*WHAT THE EXERCISE ASKS*:
Write down exactly the lines from the one below that has "A katicás jelmezhez" to the end of the data, both ends included; the pictures should not appear in your copy.

------ RECORDS PROVIDED ------

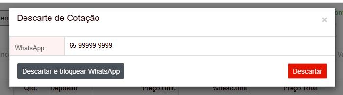 Agora, ao descartar uma cotação originada pelo Comunicar, é possível não apenas descartá-la, mas também bloquear o número de WhatsApp, impedindo que novas cotações sejam geradas automaticamente a partir de novas mensagens.
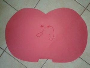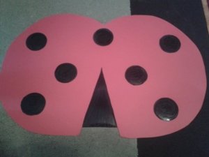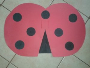 A katicás jelmezhez is kartonból készítettem a szárnyakat. Talán ez volt a legkönnyebb az elmúlt heti munkámból. Besétáltunk egy papír írószerbe és a kapható legnagyobb méretben vettünk egy szép piros kartont – olyat amelyiknek mindkét oldala színes. Itthon kerestem egy képet a katicáról ami nekünk is megfelelő lesz és egy nagyméretű újságpapírra kirajzoltam a fél katicaszárnyat – így teljesen szimmetrikus lesz az átrajzolásnál.
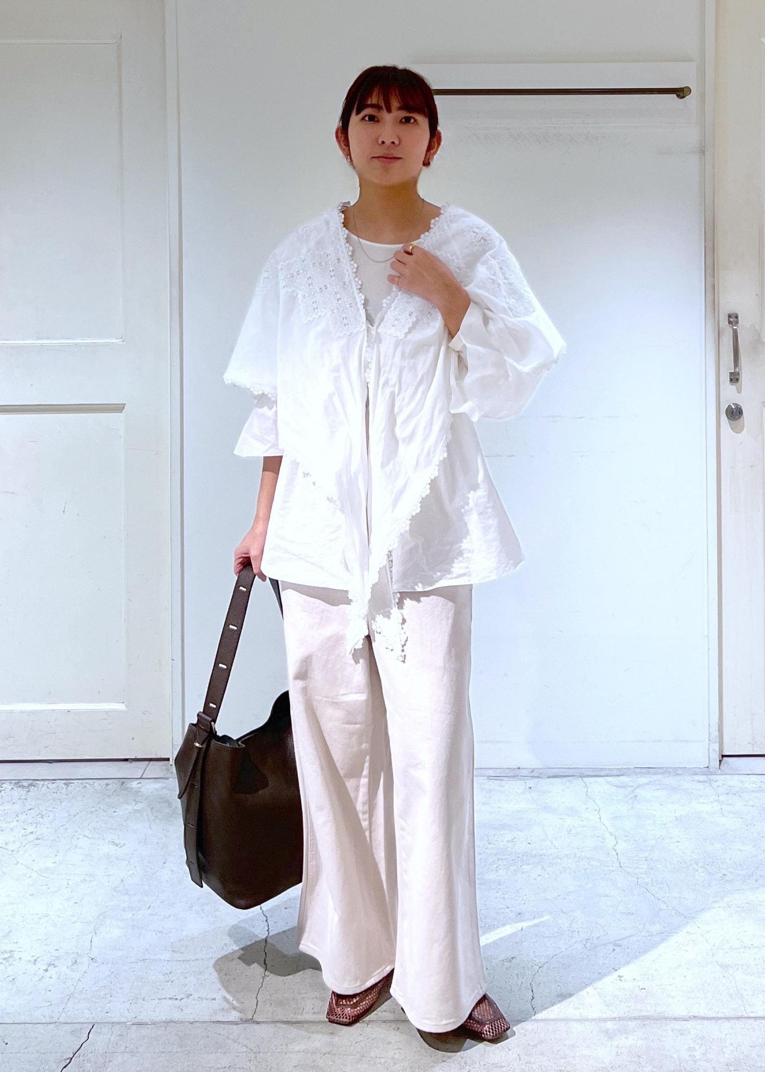 身幅はかなりゆとりがあり、インナーはさまざまなサイズ感のトップスを重ねられます。
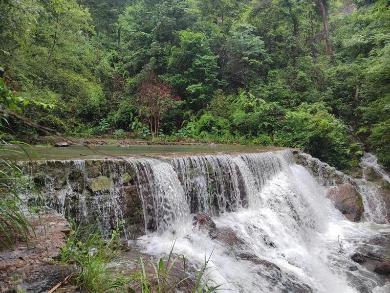 雨一直热情的陪伴着,路面又窄又滑,且积有较深的水,碰到难走的坎儿,大伙儿相互搭把手照应着。即使是在雨中,山路也不忘和我们开个玩笑,走着走着,忽然就没了路,正犹疑间,忽见边上探出个熟悉的脑袋来,告知找到了新路,于是惊喜的大呼小叫着相告,那种来自团队的友爱和集体的温暖,时时令人感动着、愉悦着。虽然不消说都湿了鞋,在瀑布的飞珠溅玉和雨幕的双料浇灌下湿了身,但我们依旧兴致盎然,在此时的风里寻一分快然恣肆,在此地的雨中听一曲自然之音,开心无比。在经过一道叫“盛世龙门”之门时,有会员调侃说,今日我们既经历风雨,又过“盛世龙门”,往后人生尽是彩虹。
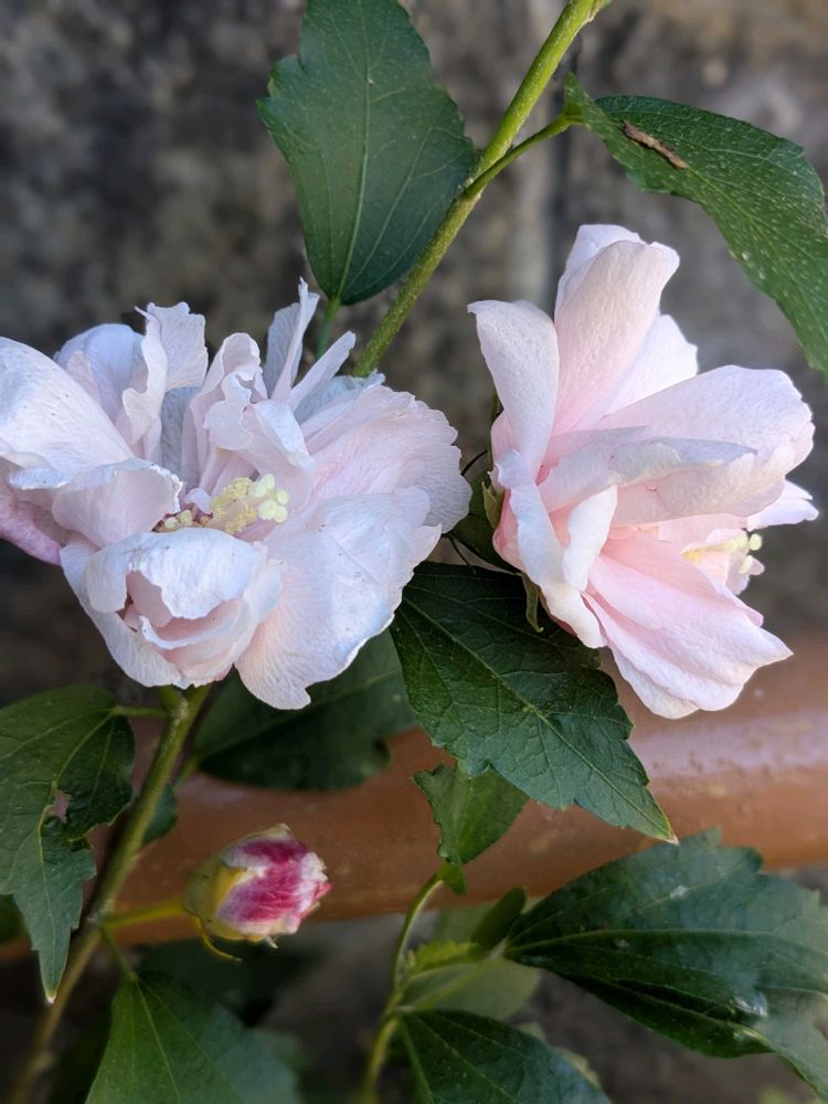 挿し木からの八重ムクゲ淡い🩷が咲いている‼️

------

*ANSWER*:
 A katicás jelmezhez is kartonból készítettem a szárnyakat. Talán ez volt a legkönnyebb az elmúlt heti munkámból. Besétáltunk egy papír írószerbe és a kapható legnagyobb méretben vettünk egy szép piros kartont – olyat amelyiknek mindkét oldala színes. Itthon kerestem egy képet a katicáról ami nekünk is megfelelő lesz és egy nagyméretű újságpapírra kirajzoltam a fél katicaszárnyat – így teljesen szimmetrikus lesz az átrajzolásnál.
 身幅はかなりゆとりがあり、インナーはさまざまなサイズ感のトップスを重ねられます。
 雨一直热情的陪伴着,路面又窄又滑,且积有较深的水,碰到难走的坎儿,大伙儿相互搭把手照应着。即使是在雨中,山路也不忘和我们开个玩笑,走着走着,忽然就没了路,正犹疑间,忽见边上探出个熟悉的脑袋来,告知找到了新路,于是惊喜的大呼小叫着相告,那种来自团队的友爱和集体的温暖,时时令人感动着、愉悦着。虽然不消说都湿了鞋,在瀑布的飞珠溅玉和雨幕的双料浇灌下湿了身,但我们依旧兴致盎然,在此时的风里寻一分快然恣肆,在此地的雨中听一曲自然之音,开心无比。在经过一道叫“盛世龙门”之门时,有会员调侃说,今日我们既经历风雨,又过“盛世龙门”,往后人生尽是彩虹。
 挿し木からの八重ムクゲ淡い🩷が咲いている‼️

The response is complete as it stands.